Kweku Baako, the Managing Editor of the Crusading Guide newspaper has backed calls by John Dramani Mahama, the flagbearer of the National Democratic Congress (NDC) for the Ghana Cocoa Board to make public the audit report on the Cocoa Roads Project.
According to Baako, it will be in the interest of COCOBOD to make Ghanaians aware of why they suspended the projects and subsequently terminated agreements with some of the contractors.
He said that in line with the principle of transparency, probity and accountability, it is important that a public institution that COCOBOD is account to Ghanaians.
Kweku Baako appealed to the management of COCOBOD to publish the report.
The veteran journalist who disclosed that he has intercepted the report said that a publication will vindicate COCOBOD.
“I don’t understand why they are keeping the report. No matter the reasons which are being given, I don’t agree. When you publish such reports, it helps. It ensures transparency, accountability and probity. There might be very good reasons that support the decision not to publish but to make it available to whoever applies for it. But if I can apply for it then you must as well publish, especially the executive summary. It helps”. “It doesn’t help anybody’s cause including COCOBOD if this report remains confidential, classified and unpublished. I’m yet to be convinced by the reasons proffered by the COCOBOD management as to why this report can’t be published. I have intercepted a copy. I have made an appeal that, that decision should be reviewed”.
Last week, flagbearer of the National Democratic Congress, John Dramani Mahama demanded that COCOBOD make public what it discovered from the audit.
Mahama in a tour of the Western North Region accused the Akufo-Addo administration government of deliberately abandoning projects started by his government.

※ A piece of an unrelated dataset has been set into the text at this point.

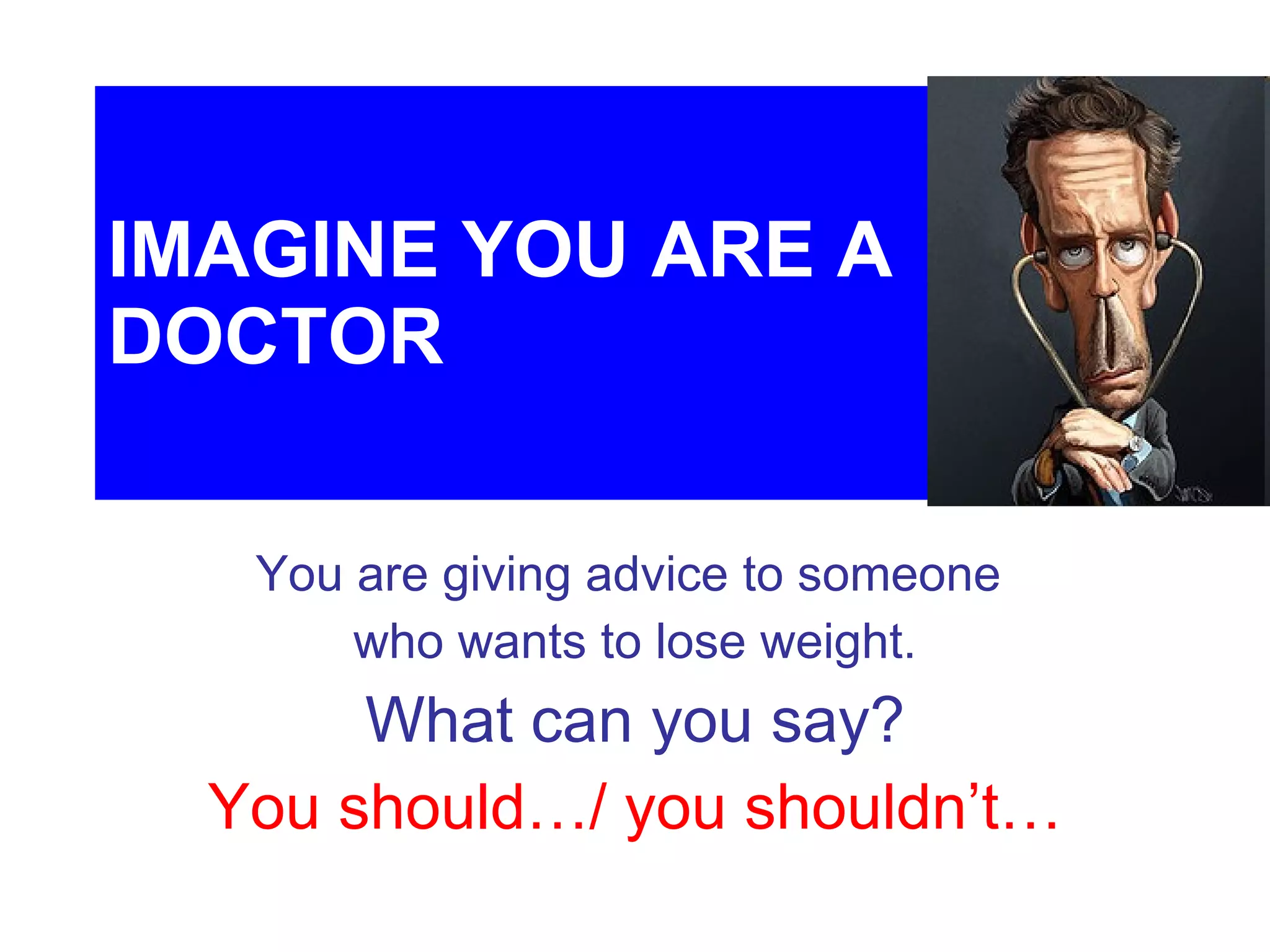 The document is a script for a pretend doctor advising someone who wants to lose weight. The doctor provides dos and don'ts for diet and exercise. They tell the patient to avoid fatty, greasy, or sweet foods like hamburgers, chips, and soda. Instead, the doctor recommends exercising, eating fruits and vegetables, drinking water, and avoiding too many cakes, chips, hamburgers, alcohol, or bread. They also suggest eating tomatoes, avoiding too much coke or ketchup, and engaging in physical activities like basketball, biking, and swimming without overdoing it. In the end, the doctor praises the patient for losing weight and tells them to rest.
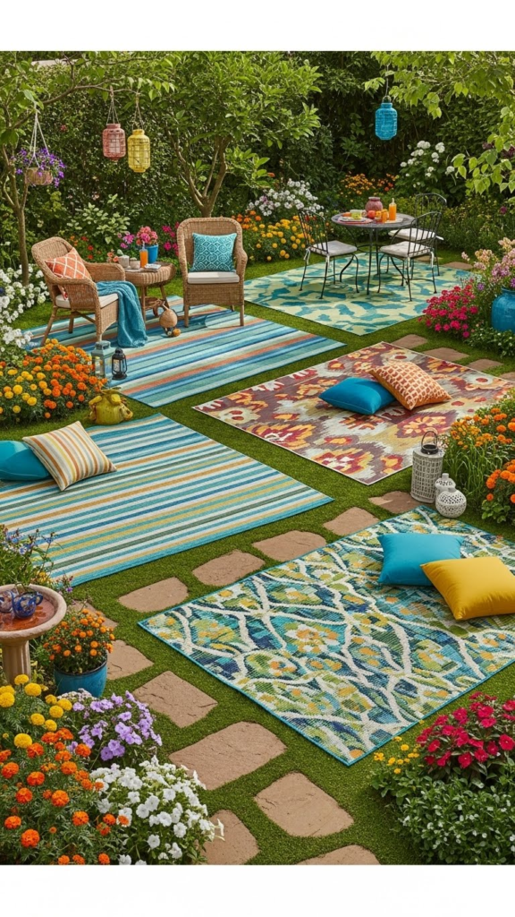 8. Colorful Outdoor Rugs to Define Garden Zones

“They abandoned the projects because of sabotage and politics. Because they realized we are close to elections, they have started work on the roads again. I want to know where the audit report is. I am here at Bopa asking the NPP government to publish the audit reports on cocoa roads for everyone to see,” the former president noted.
“The laws of Ghana indicate that if a government starts a project and loses the elections, it is incumbent on the next government to continue with the projects. But this is not what we are seeing. When the NDC was voted out of power, there were a lot of contractors working on projects, but when this government took over, they halted all of them, saying it was auditing them. It has been four years now and I believe that even if it was the Bible we were reading, we would have covered from Genesis to Revelations by now,” he added.
Meanwhile, the CEO of the Ghana Cocoa Board, Boahen Aidoo has asked persons interested in the report to apply for it.